Denial of Racist History

 

Black slaves loaded on ship 1881
The Clotilda, the last ship known to bring enslaved people from Africa to the US, was planned by Timothy Meaher, a steamboat captain and plantation owner who wanted to show he could sneak slaves into the country

 

Two disparate stories this week expose America’s past and present inability to come to grips with its racist heritage:

  • The Alabama Historical Commission this week announced its discovery of the Clotilda, the last known ship to import enslaved Africans into the United States.
  • Treasury Secretary Steven Mnuchin said the Trump administration would not move ahead with plans to replace the image of President Andrew Jackson on the $20 bill with that of black abolitionist and former slave Harriet Tubman.

Taken individually, these stories could easily pass as unrelated items in the daily stream of current events. But that would be a mistake. The two stories, if read in sequence, offer insights across a shameful century of American history that illuminates the hidden racial deceit of our nation’s past and the willfulness of modern-day public officials to perpetuate it into the future.

A story published by the National Geographic Society told of the remains of the Clotilda,a 19th century schooner. After an extensive, year-long search in the murky waters of the U.S. Gulf Coast, researchers and archaeologists from Alabama, and with the help of the NGS, said on Wednesday that they were confident the wreckage was from the vessel that traveled from Benin, Africa on a sea journey to Mobile, Alabama between February and July 1860.

The human cargo aboard the Clotilda was thought to have been the final shipment of an estimated 389,000 Africans sold into bondage in the United States during the trans-Atlantic slave trade from the early 1600s to 1860. Although thousands of ships made the journey through has come to be known as the Middle Passage, very few slave shipwrecks have ever been found.

Indeed, the absence of wreckage has made it conveniently easy for some Alabamians and other historians to refute the oral histories of the enslaved descendants who have long held on to their story as told by their ancestors of a harrowing journey to America.

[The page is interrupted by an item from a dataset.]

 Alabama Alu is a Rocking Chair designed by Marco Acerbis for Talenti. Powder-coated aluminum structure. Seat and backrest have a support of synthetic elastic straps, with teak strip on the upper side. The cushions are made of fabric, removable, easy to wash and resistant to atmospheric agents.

In addition, descendants of the Africans who came onboard the Clotilda have faced poverty and discrimination, even as they maintained that their tight-knit community north of Mobile, called Africatown, had historic roots.

“Descendants of the Clotilda survivors have dreamed of this discovery for generations,” Lisa Demetropoulos Jones, executive director of the Alabama Historical Commission and the State Historic Preservation Officer, told National Geographic in an online article. “We’re thrilled to announce that their dream has finally come true.”

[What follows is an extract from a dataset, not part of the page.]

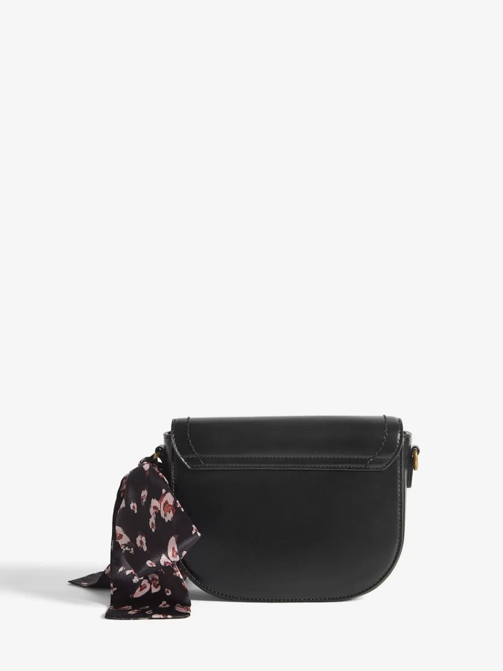 Faux Suede Saddle Cross-body Bag featuring: printed scarf charm, lock and key charms, adjustable cross-body strap. The must-have bag for autumn. Height 17cm Width 22cm Depth 7.5cm Main 100% Polyester with PU coating. Lining 100% Polyester. Strap 100% Polyester with PU coating.

Fredrik Hiebert, archaeologist-in-residence at the National Geographic Society said in the article that the discovery of the ship’s remains removes any doubts about what residents of Africatown have long contended, but rarely acknowledged outside of their community.

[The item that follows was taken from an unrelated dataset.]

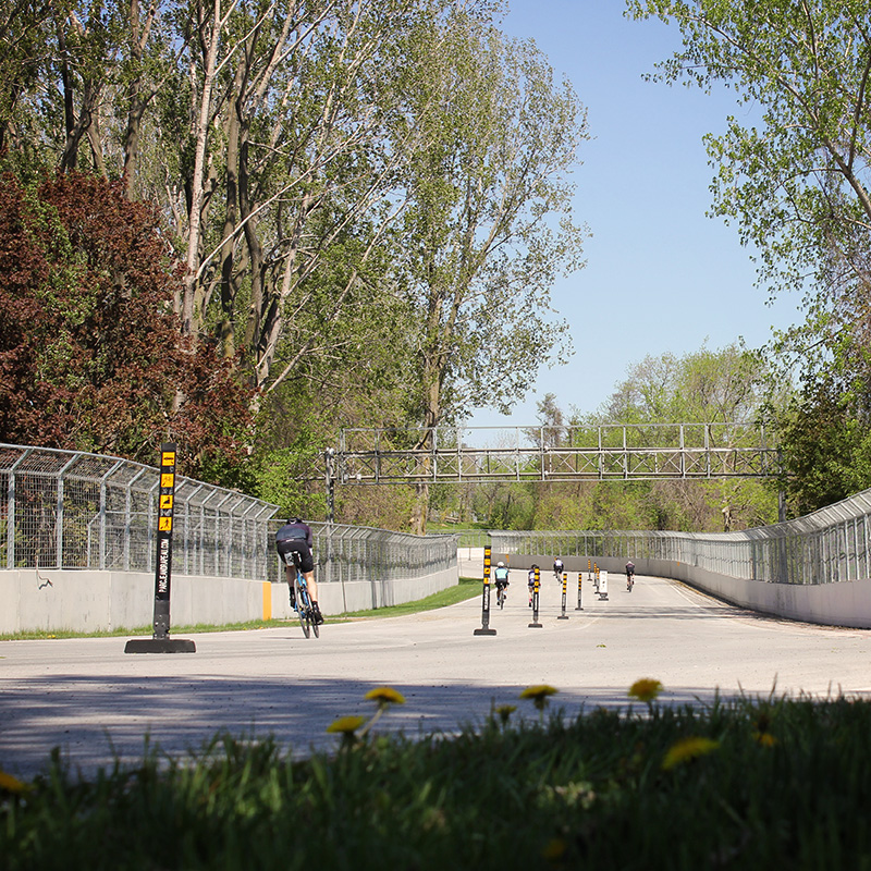 Les gens peuvent profiter des nombreuses pistes cyclables pour se rendre ou transiter par le parc Jean-Drapeau à la course ou à la marche.

“The discovery of the Clotilda sheds new light on a lost chapter of American history,” Heibert said. “This finding is also a critical piece of the story of Africatown, which was built by the resilient descendants of America’s last slave ship.”

Perhaps the most interesting and yet appalling part of the Clotilda’s story is that it set sail from Africa more than a half-century after the importation of slaves had been banned in the United States.

As National Geographic reported, an affluent Mobile businessman and shipbuilder wagered several Northern businessmen $1,000 that he could smuggle a cargo of Africans into Alabama in contravention of federal law. After successfully doing so, the ship’s captain burned the Clotilda to hide evidence of the crime, allowing deniers to claim it never happened.

Now that irrefutable evidence of what remains of the destroyed vessel has surfaced, the sordid history is undeniable. To be sure, history can’t be repressed forever.

Unfortunately, that’s not a lesson embraced by the Trump administration.

A statue of Cudjoe Lewis, the last surviving person brought over on the slave ship Clotilda
A statue of Cudjoe Lewis, who was brought to the US on the Clotilda

Around the same time as history was revealing itself in Alabama this week, Treasury Secretary Steven Mnuchin said the administration wouldn’t move forward with a planned redesign of the $20 bill replacing President Andrew Jackson with black female abolitionist and former slave Harriet Tubman.

During the Obama administration, Treasury officials conducted a highly visible campaign before then-Treasury Secretary Jacob Lew announced a plan to put Tubman’s image on U.S. banknotes in 2020.

But at a congressional hearing Wednesday, Mnuchin announced that the administration had put a screeching halt plans to honor Tubman, allegedly to protect the security of U.S. currency.

“The primary reason we have looked at redesigning the currency is for counterfeiting issues,” Mnuchin said. “Based upon this, the $20 bill will now not come out until 2028. The $10 bill and the $50 bill will come out with new features beforehand.”

But that’s obviously not true, since Treasury is moving ahead with replacing the $10 and $50 bills and delaying changes to the $20 bill until 2026 or later — well after Trump is out of office.

It’s a decision that can and should be widely condemned as a reflection of the administration’s racist eagerness to glorify a slaveholding president and its reluctance to put a black woman’s portrait on U.S. currency during its tenure in the White House.

It is, in other words, a contemporary continuation of historical denial.